Plastic Bullets / Tasers / CS Gas
17 people were killed during the conflict by members of the security forces firing plastic or rubber bullets/ batons. 8 of the 17 people were children, and all but one was catholic.
Three civilians were killed as a result of the use of rubber bullets before they were replaced by plastic bullets in 1973, Francis Rowntree (11 years old), Thomas Friel (18 years old), and Tobias Molloy (21 years old). PFC has uncovered declassified British government documents from the National Archives on the dangers posed by rubber bullets, including concerns that technical data highlighting the lethal nature of rubber bullets might be exposed in the legal case for compensation being taken on behalf of Derry schoolboy Richard Moore who was blinded by a rubber bullet. This information helped persuade the Attorney General to grant a new inquest to examine the circumstances of Thomas Friel’s death.
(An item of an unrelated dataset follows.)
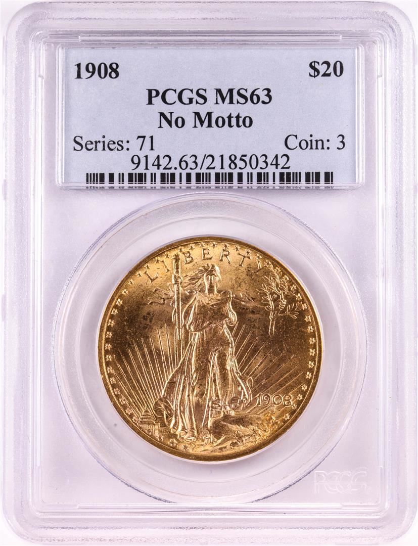 One 1908 No Motto $20 St. Gaudens Double Eagle Gold Coin PCGS MS63. PCGS Graded.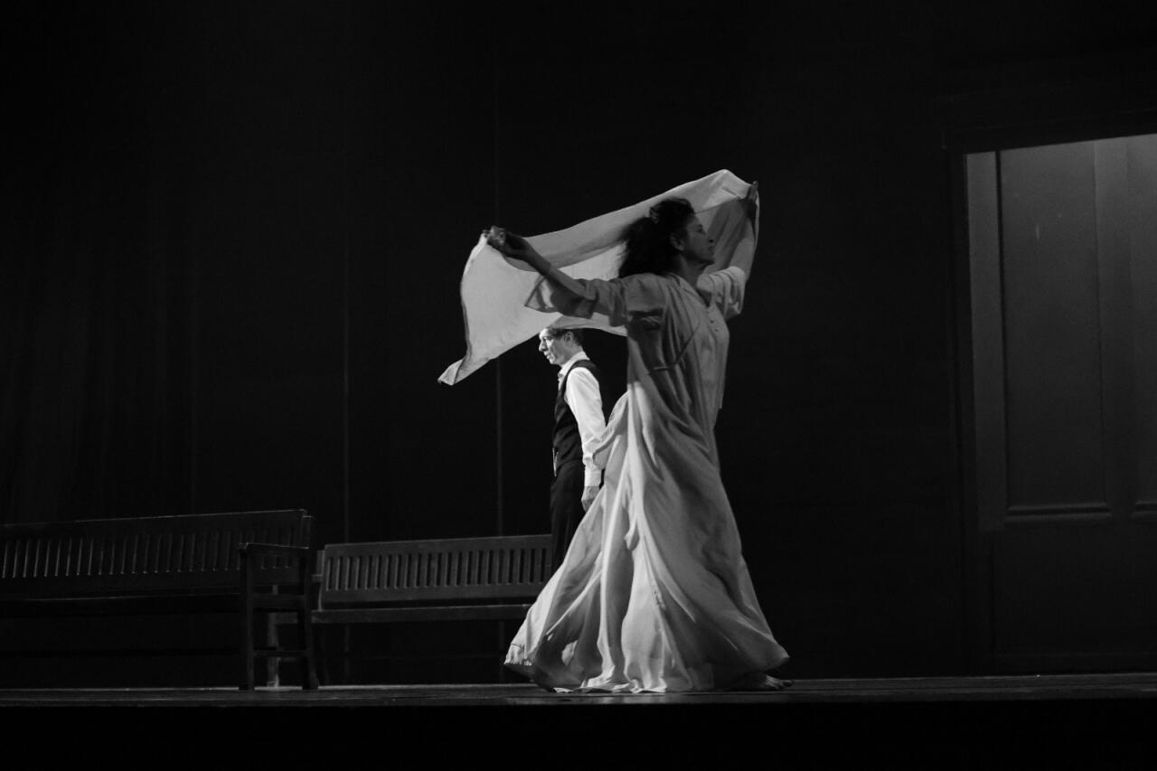 "Anna Karenina" da "Müharibə və Sülh" kimi musiqi-plastik refrenlər üzərində qurulub; hər qəhrəmanın özünəməxsus vizual və intonasiya xətti var. Səhnə tərtibatı minimalizmi ilə seçilir: hadisələr yığcam qara-ağ məkanda cərəyan edir.

PFC has also uncovered a number of declassified documents that paint an alarming picture concerning the dangers of plastic batons. These include correspondence between the Chemical Defence Establishment (CDE)at Porton Down and officials within the Ministry of Defence (MOD). It was the responsibility of the CDE Establishment to test plastic bullets, and inform an Independent Medical Committee of their findings who would then report to government Ministers. The CDE repeatedly complained that they were being “thwarted” from fulfilling their responsibilities as the MOD was not providing information on the nature or types of injuries as a result of the use of plastic bullets here in the north.
Declassified documents also highlight faults with the trigger mechanism, a misaligned site, and a weak breech locking mechanism that could cause the weapon to open when firing.